**WORK INSTRUCTION:**
Leave the pictures out and quote only the lines from the one with "신청방법은 전주시 홈페이지의" down to the end of the listing below.

**DATA:**

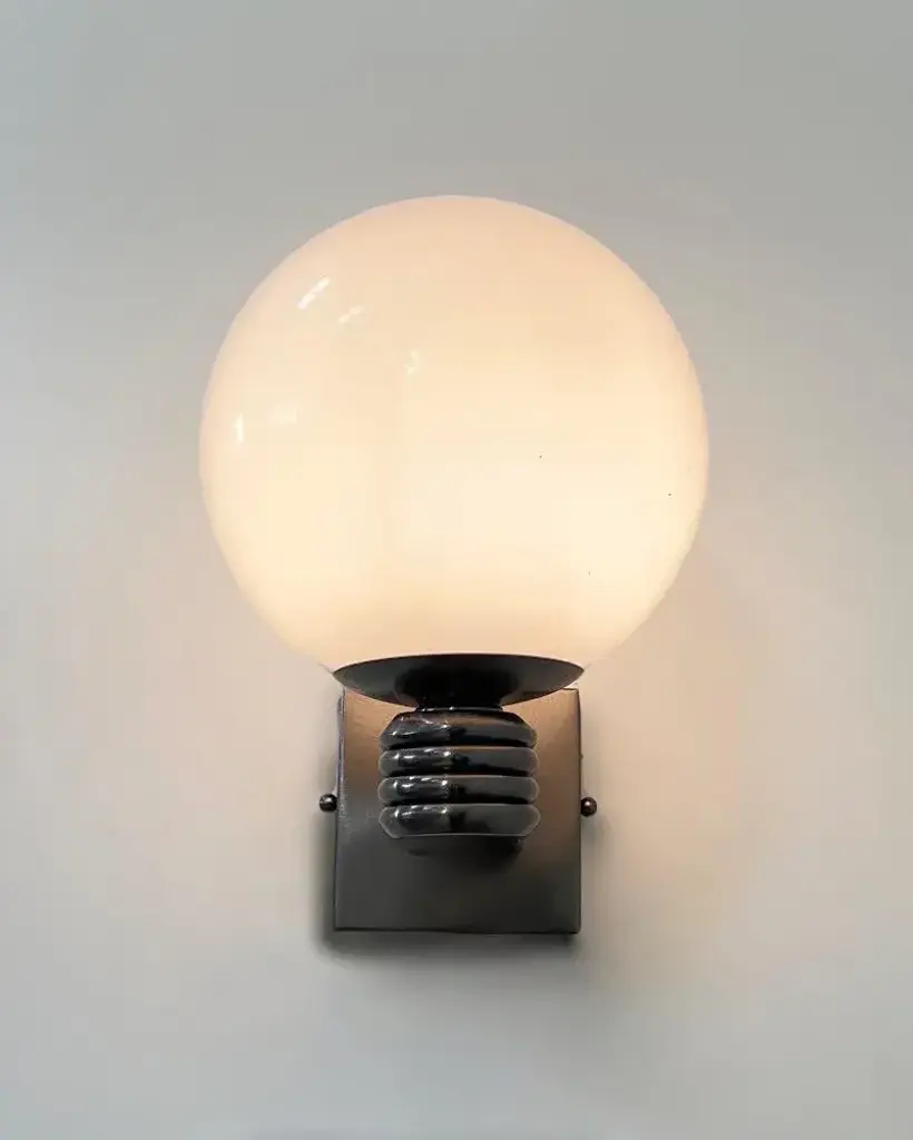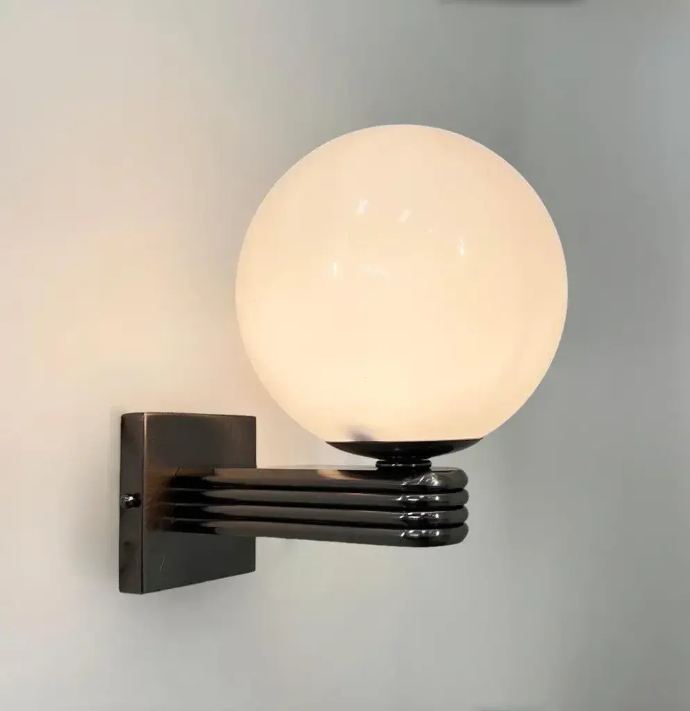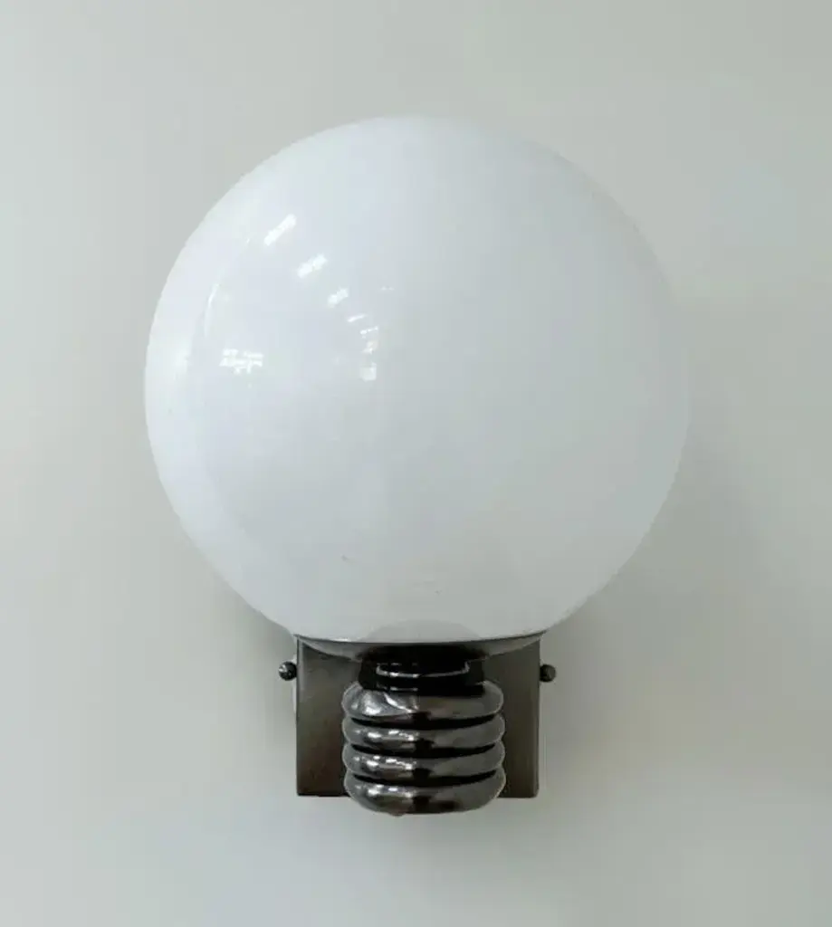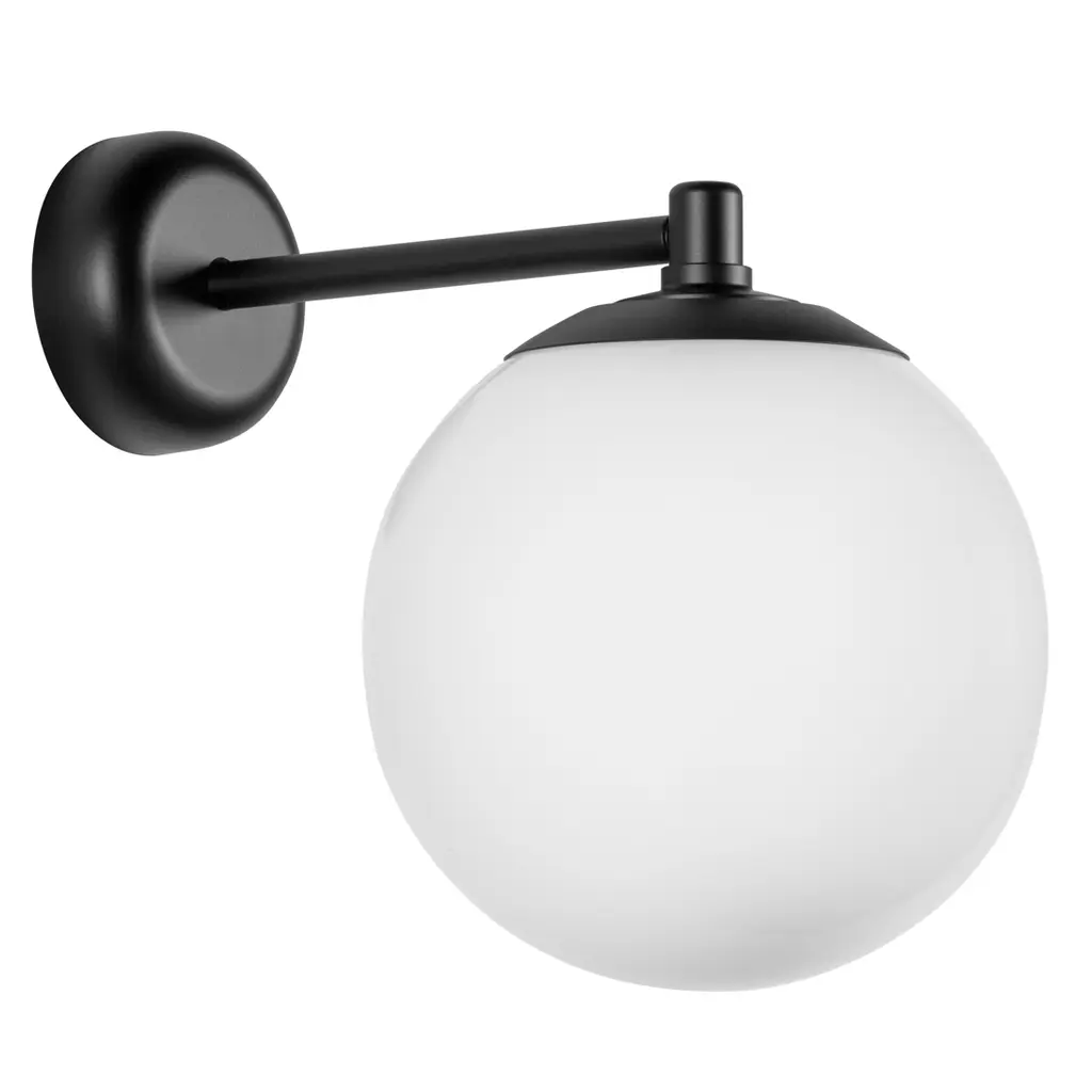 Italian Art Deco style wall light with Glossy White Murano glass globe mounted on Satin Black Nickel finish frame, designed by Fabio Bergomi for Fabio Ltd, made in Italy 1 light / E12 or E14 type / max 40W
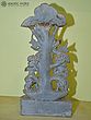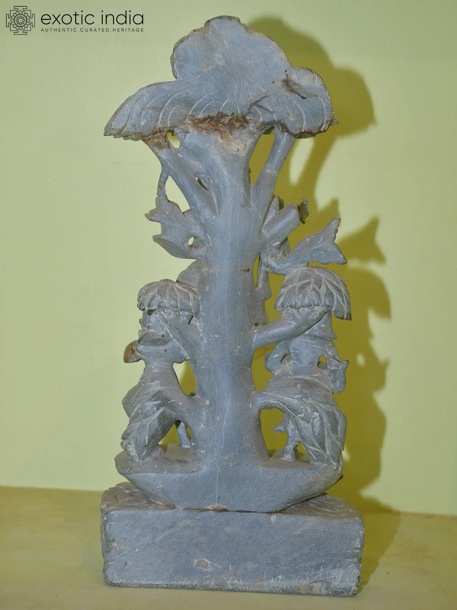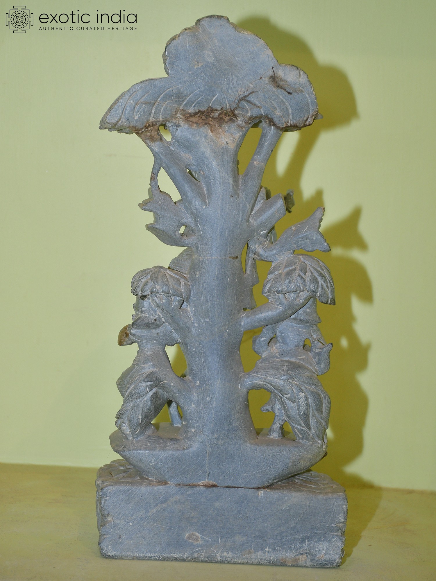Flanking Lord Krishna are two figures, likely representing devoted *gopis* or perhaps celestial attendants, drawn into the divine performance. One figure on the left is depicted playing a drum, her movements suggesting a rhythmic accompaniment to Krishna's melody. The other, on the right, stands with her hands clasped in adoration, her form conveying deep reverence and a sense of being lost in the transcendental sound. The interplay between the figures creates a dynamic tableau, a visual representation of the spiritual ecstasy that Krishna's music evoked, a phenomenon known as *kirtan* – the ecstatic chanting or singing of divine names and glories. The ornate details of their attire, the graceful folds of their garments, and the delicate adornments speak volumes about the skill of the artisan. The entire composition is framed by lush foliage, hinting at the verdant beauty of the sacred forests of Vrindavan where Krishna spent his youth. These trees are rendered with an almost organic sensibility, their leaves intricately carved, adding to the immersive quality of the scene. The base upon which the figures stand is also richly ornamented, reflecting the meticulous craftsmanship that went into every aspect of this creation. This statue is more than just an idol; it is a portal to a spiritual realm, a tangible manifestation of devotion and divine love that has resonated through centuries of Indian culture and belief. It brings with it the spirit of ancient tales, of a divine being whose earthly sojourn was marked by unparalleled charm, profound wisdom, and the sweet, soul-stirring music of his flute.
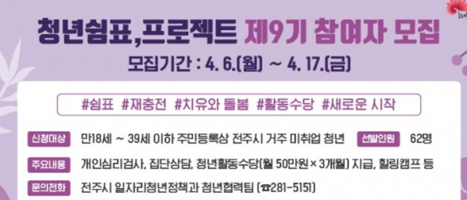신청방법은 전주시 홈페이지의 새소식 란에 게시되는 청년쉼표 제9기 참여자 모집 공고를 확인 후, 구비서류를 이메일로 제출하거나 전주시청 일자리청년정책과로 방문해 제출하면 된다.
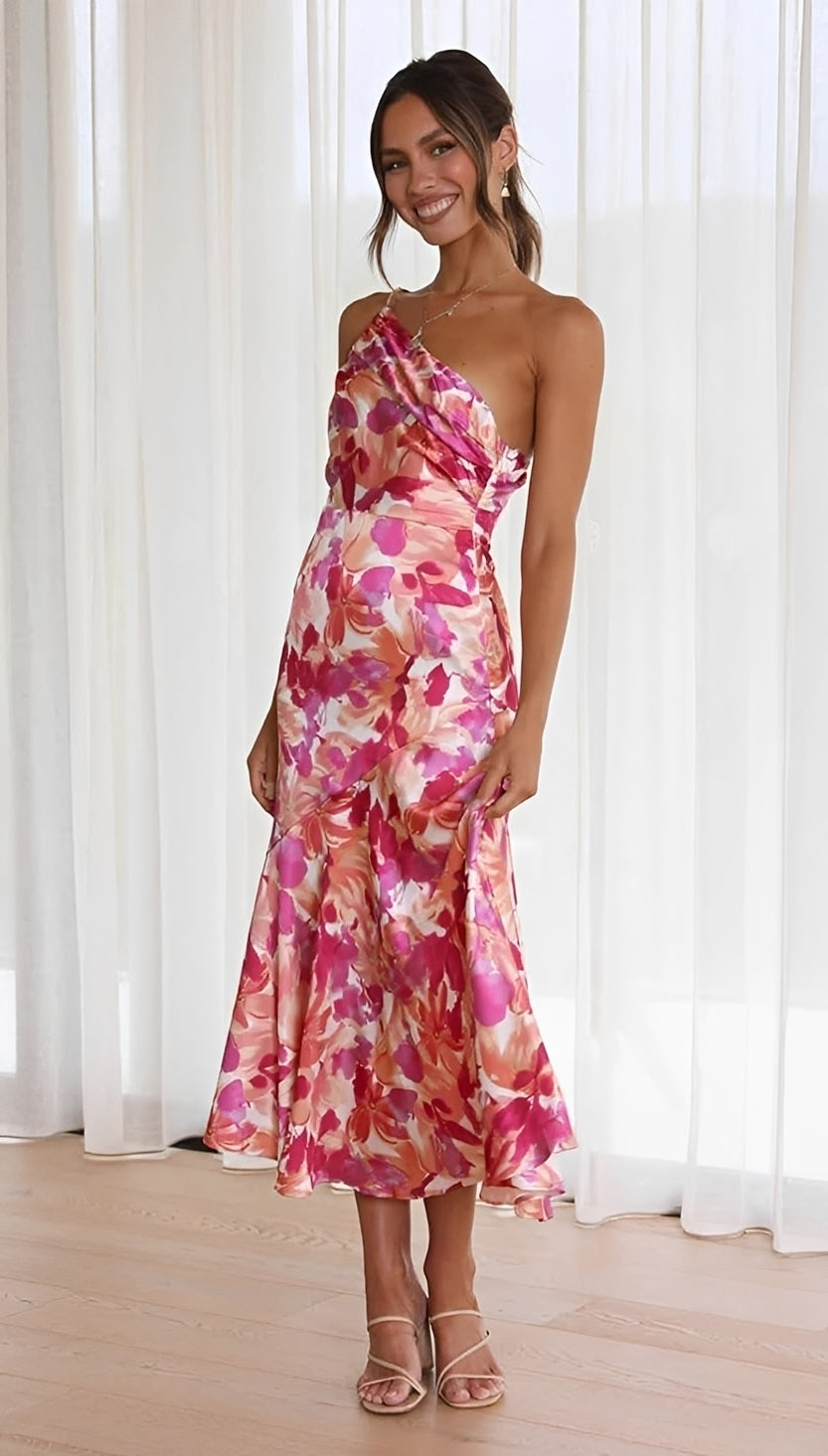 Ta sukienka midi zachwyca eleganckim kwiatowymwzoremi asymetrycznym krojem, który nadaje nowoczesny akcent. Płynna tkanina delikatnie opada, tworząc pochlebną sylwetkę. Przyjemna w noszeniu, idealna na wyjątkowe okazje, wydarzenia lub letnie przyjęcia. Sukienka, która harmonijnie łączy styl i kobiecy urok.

**EXERCISE SOLUTION:**
신청방법은 전주시 홈페이지의 새소식 란에 게시되는 청년쉼표 제9기 참여자 모집 공고를 확인 후, 구비서류를 이메일로 제출하거나 전주시청 일자리청년정책과로 방문해 제출하면 된다.
 Ta sukienka midi zachwyca eleganckim kwiatowymwzoremi asymetrycznym krojem, który nadaje nowoczesny akcent. Płynna tkanina delikatnie opada, tworząc pochlebną sylwetkę. Przyjemna w noszeniu, idealna na wyjątkowe okazje, wydarzenia lub letnie przyjęcia. Sukienka, która harmonijnie łączy styl i kobiecy urok.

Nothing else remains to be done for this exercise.